En la exploración de las cuevas, Julián D’Angiolillo sigue caminos alternativos, como los espeleólogos con el aire. Investiga otras posibilidades sensoriales del cine buscando una nueva percepción del espacio con el sonido, el montaje, la música, los modelos digitales y la posibilidad de jugar con aquello que se considera tema serio en la ciencia.
Hay una escena en la que un espeleólogo cubano golpea con las manos las que parecen ser estalactitas para que sintamos como suenan, además de cómo se ven bajo la luz artificial. Pero la prueba es también una improvisada percusión con las diferentes “notas” que saca de ellas, lo que se convertirá en un motivo clave de la música creada por Nicolás Varchausky, que se integra al diseño sonoro como un todo.

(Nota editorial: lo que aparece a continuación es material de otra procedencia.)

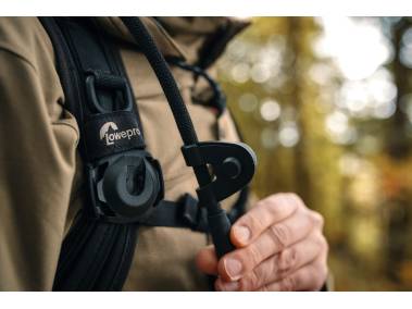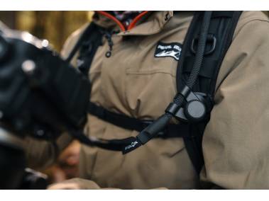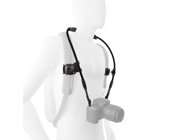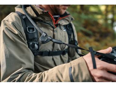 Reliable equipment for more concentration for the perfect shot: the SNAPSNAP camera strap provides more balance and comfort when taking photos. With the patented system, magnetic-mechanical mounts on the camera strap connect to matching counterparts on the backpack. This distributes the weight of the camera onto the shoulder straps, relieving the neck. The camera sits closer to the body and swinging is significantly minimised. The fasteners release automatically as soon as the camera is lifted straight up to take a photo.
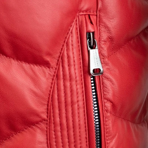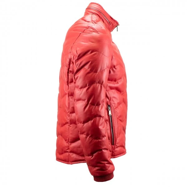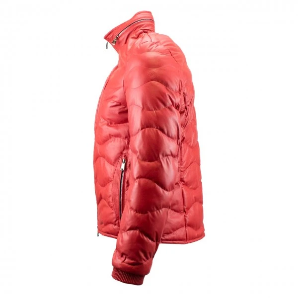 The Nürburg leather jacket by Heinz Bauer is made of the finest lamb nappa and is a classic from the manufacturer thanks to its sporty cut. The strong red and the black accents underline the racing look of this high-quality quilted jacket. Among racing and motorsport connoisseurs, the Nordschleife of the Nürburgring is the absolute pinnacle. Filled with real down, the convertible leather jacket keeps you warm even on colder days and impresses with its breathability, integrated wind deflector collar and lightness. The integrated wind deflector can be discreetly folded into the collar when not needed. As usual with Heinz Bauer jackets, the lining is treated with a silver ion anti-smell finish.
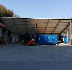 В дополнение к складу также имеется тент площадью 19 х 7 м, т.е. 133 м2 дополнительного крытого пространства для хранения.
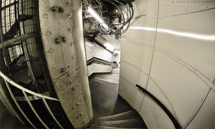Zachytiť to však nie je ľahké. Všetko je stiesnené a je potrebná veľmi široká šošovka. Kvôli veľmi širokej perspektíve je zaujímavá kompozícia skoro nemožná. Málo svetla - hrozí rozmazaný snímok a šum. Stále tam chodia ľudia a sníma Vás kamera - aby som nepôsobil podozrivo musel som to odfotiť za pár sekúnd...
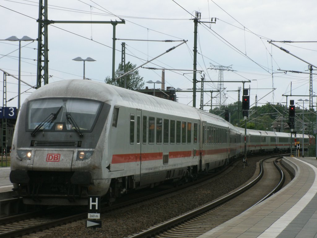 Der IC 2213 aus Binz nach Stuttgart schlängelte sich,am 28.Mai 2011,in den Schweriner Hbf.
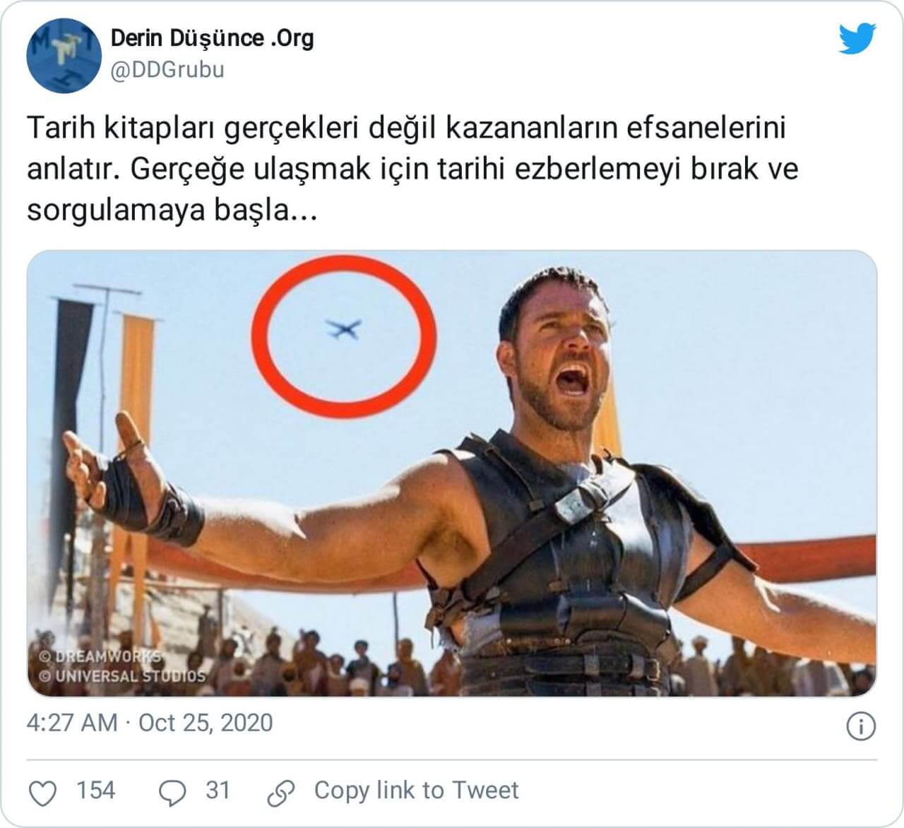 Ancak, Gladyatör’de aslında iddia edildiği gibi bir uçak geçmiyordu.
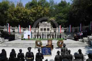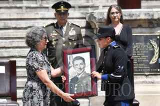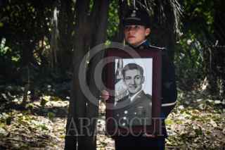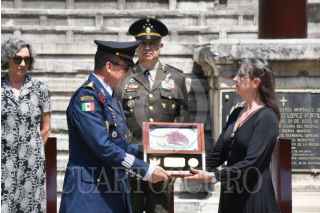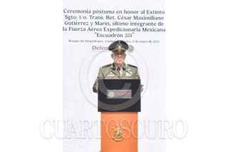 CIUDAD DE MÉXICO, 08MAYO2025.- Ricardo Trevilla, secretario de la Defensa Nacional y Óscar René Rubio, comandante de la Fuerza Aérea Mexicana, encabezaron la ceremonia póstuma en Honor al Sargento 1/o. de Transmisiones Retirado César Maximiliano Gutiérrez Marín, último integrante del "Escuadrón 201" unidad aérea mexicana que participó en la segunda guerra mundial. La ceremonia fue realizada en el monumento a la Fuerza Aérea Expedicionaria Mexicana ubicado en el Bosque de Chapultepec. FOTO: MARIO JASSO/CUARTOSCURO.COM
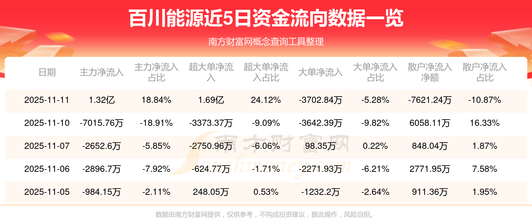 11月11日消息,百川能源11月11日主力資金凈流入1.32億元,超大單資金凈流入1.69億元,大單資金凈流出3702.84萬元,散戶資金凈流出7621.24萬元。
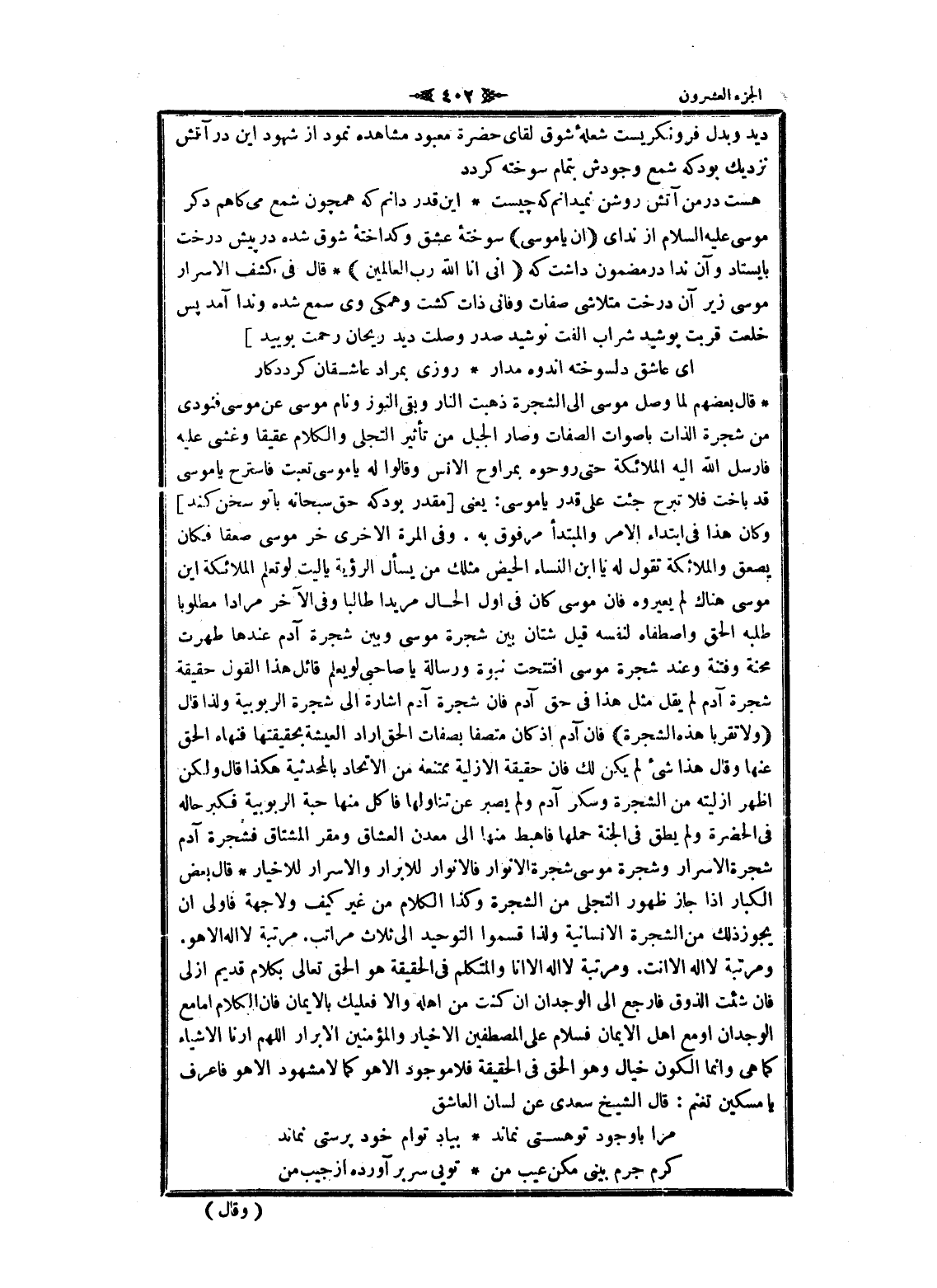 ومرتبة لا اله الا أنت. ومرتبة لا اله الا انا والمتكلم فى الحقيقة هو الحق تعالى بكلام قديم ازلى فان شئت الذوق فارجع الى الوجدان ان كنت من اهله والا فعليك بالايمان فان الكلام اما مع الوجدان او مع اهل الايمان فسلام على المصطفين الأخيار والمؤمنين الأبرار اللهم أرنا الأشياء كما هى وانما الكون خيال وهو الحق فى الحقيقة فلا موجود الا هو كما لا مشهود الا هو فاعرف يا مسكين تغنم: قال الشيخ سعدى عن لسان العاشق

Hacia el final la película se desliza desenfadadamente hacia los placeres del videoclip. Allí la mirada ya no se dirige al movimiento del humo sino a su materia flotante, y la experiencia cinematográfica de la cueva se convierte en un viaje visual y musical por el paisaje de puntos que conforman su representación tridimensional electrónica en los modelos computarizados.
El montaje hace que la representación del espacio no distinga con precisión los lugares. Se los identifica tardíamente y se producen falsas impresiones de continuidad. Hay que añadir a esto la tendencia a la dispersión en la parte del Mercado del Balón de Turín, donde la atención se desvía hacia las cromolitografías y un extraño personaje que toca una flauta. Hay en esto un progreso de las búsquedas en torno al espacio y grupos que se dedican a una actividad de los largometrajes anteriores de Julián D’Angiolillo: Hacerse feriante (2010) y Cuerpo de letra (2015).

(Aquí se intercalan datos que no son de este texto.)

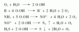 臭氧是不稳定气体,溶于水后生成氧化能力很强的单原子氧轻基(O.OH),它的灭菌能力极强,能破坏分解细胞壁,很快的扩散、渗透进细胞,氧化破坏细胞内的生物酶系统,致死病原体。由于致死的病原体细胞膜破裂,所以细菌无法再生繁殖。同时单原子氧轻基(O.OH)对有机物、无机物的氧化作用也十分强烈。其原理表示如下:
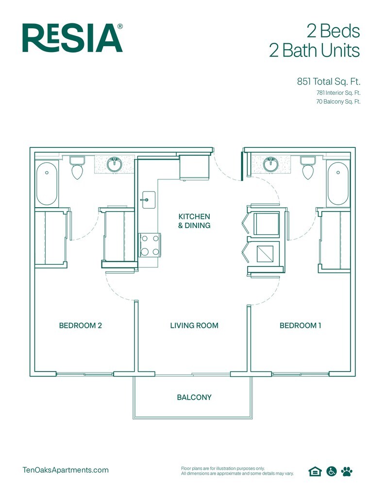 2 Beds, 2 Baths, 851 sq ftAvailable NowModel Gallery
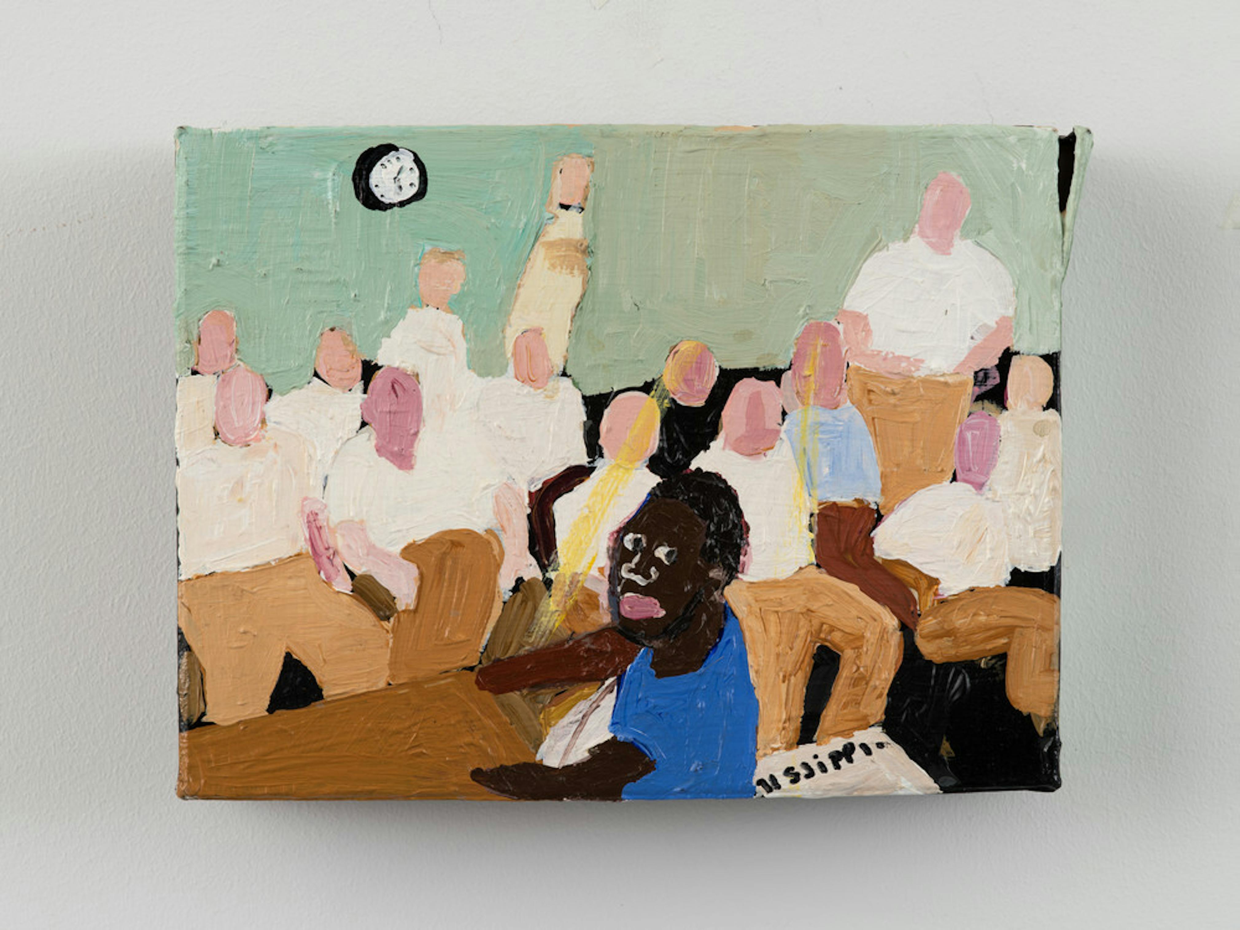 Against the white shirts, khaki pants, and blank faces of the jury, the foregrounded Black man wearing a bright blue shirt appears in stark contrast. While the white jurors show no facial features, the defendant’s eyes open wide as he turns to face the viewer. Taylor uses this visual dissonance to explore experiences of a biased criminal justice system. The man’s gaze captures the fear someone might feel while standing trial—a fear compounded in this case by the denial of a fair trial by a jury of one’s peers.

Incluso parece haber viajes en el tiempo en La gruta continúa. El personaje flautista se siente como transportado de la Edad Media a la actualidad en Turín, por ejemplo. La música que lleva al videoclip tiene un correlato histórico en la danza, en la faceta paralela de espeleóloga de Alicia Alonso, a la que se conoce como la figura más representativa del ballet en Cuba.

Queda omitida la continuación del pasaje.